Amaranth-Dragon Exploits WinRAR Flaw for Persistent

Highly targeted attacks are underway across Southeast Asia, attributed to the sophisticated cyber-espionage group known as Amaranth-Dragon. These operations specifically target government and law enforcement agencies.

Active throughout 2025, these campaigns have demonstrated a keen interest in geopolitical intelligence, often timing their operations to coincide with significant local political events.

The threat actors have focused their efforts on specific countries including Thailand, Singapore, and the Philippines, utilizing precise lures to infiltrate sensitive networks.

The group’s modus operandi involves the weaponization of a critical vulnerability in the widely used WinRAR compression software.

Designated as CVE-2025-8088, this path traversal flaw allows attackers to execute arbitrary code on victim systems by crafting malicious archive files.

By exploiting this weakness, the attackers can bypass traditional security measures and establish a foothold within sensitive government networks, effectively turning standard administrative tools into vectors for compromise that bypass standard security protocols.

Check Point analysts identified that this activity shares significant overlaps with the arsenal of APT-41, a group previously aligned with Chinese state interests.

Their analysis reveals that Amaranth-Dragon operates within the UTC+8 timezone and utilizes tools that bear a striking resemblance to those used by the notorious threat group.

This connection suggests a shared resource pool or a direct operational link between the two entities, indicating a well-resourced and coordinated effort behind these intrusions which poses a severe risk to regional stability.

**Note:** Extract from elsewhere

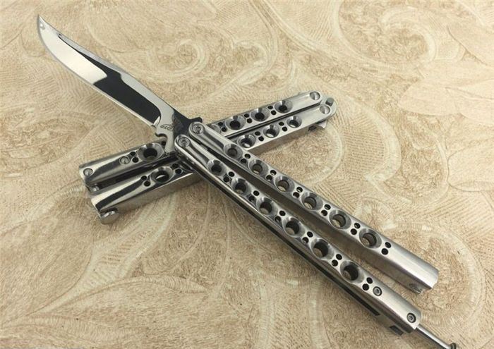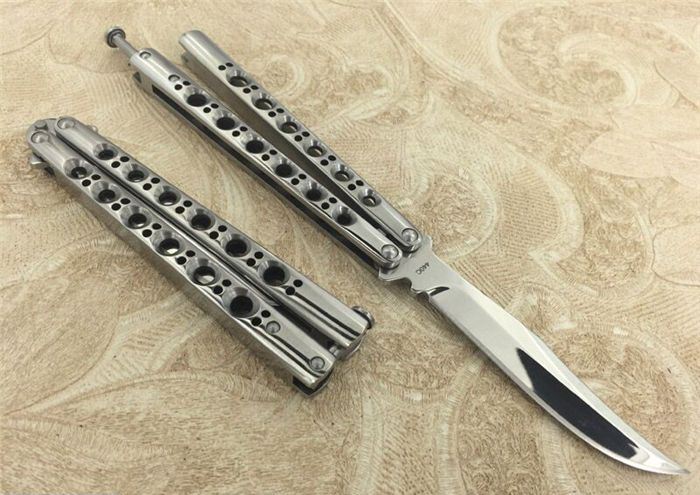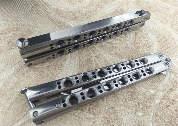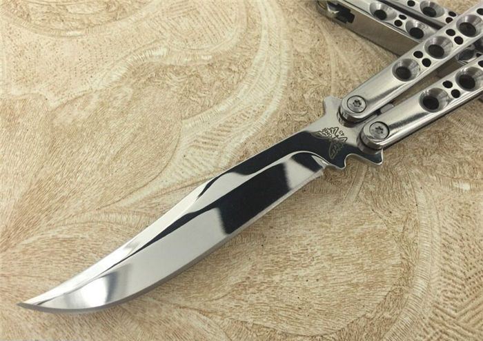THE ONE镜面款BM43蝴蝶甩刀 全长:24CM(打开) 刃长:9.5CM 刃厚:0.3CM 刃材料:进口440C 硬度:59-60 重量:150克 刀鞘:刺绣尼龙刀鞘 铸钢柄镂空,压弹出刀 THE ONE 镜面款BM43甩刀,由The one (唯一)精工打造,是现成BM系列精加工特制款式,经典BM43刃,一体柄型,刀刃选用高级440C钢,经精工细作的镜面抛光打造而成,螺丝扣锁都经过严格调配,小批量的精品甩刀

The infection process typically begins with the delivery of these weaponized RAR archives, likely through spear-phishing emails designed to lure victims into opening the attachments.

Once the archive is processed, the vulnerability triggers a sequence that drops a malicious script directly into the system’s Startup folder.

This ensures that the malware is executed automatically whenever the victim reboots their machine, granting the attackers persistence without requiring administrator privileges.

Following the initial compromise, the attackers deploy a custom payload known as the Amaranth Loader.

This loader is responsible for retrieving encrypted payloads from command-and-control servers, which are often protected by legitimate services like Cloudflare to evade detection.

The ultimate goal is to deploy the Havoc Framework, an open-source post-exploitation tool that grants the attackers persistent remote control and the ability to exfiltrate sensitive data.

Technical Breakdown of the Infection Chain

The technical execution of this attack relies heavily on the precise manipulation of file paths within the RAR archive.

When a user attempts to extract the malicious file, the CVE-2025-8088 vulnerability fails to properly sanitize the destination path.

This failure allows the attackers to write files outside of the intended extraction folder.

As detailed in the analysis, the malware repeatedly attempts various path traversal sequences until it successfully locates the Startup directory.

Once the malicious batch or command file is planted, it lies dormant until the next system restart.

Upon reboot, the script executes and sideloads the Amaranth Loader via a legitimate executable, effectively masking the malicious activity from casual observation and allowing the threat actors to maintain long-term access.

To defend against these targeted threats, organizations must prioritize patching the WinRAR vulnerability immediately.

Security teams should also implement strict monitoring for archive files containing executable scripts and employ endpoint protection systems capable of detecting path traversal attempts and unauthorized startup items to prevent successful compromise.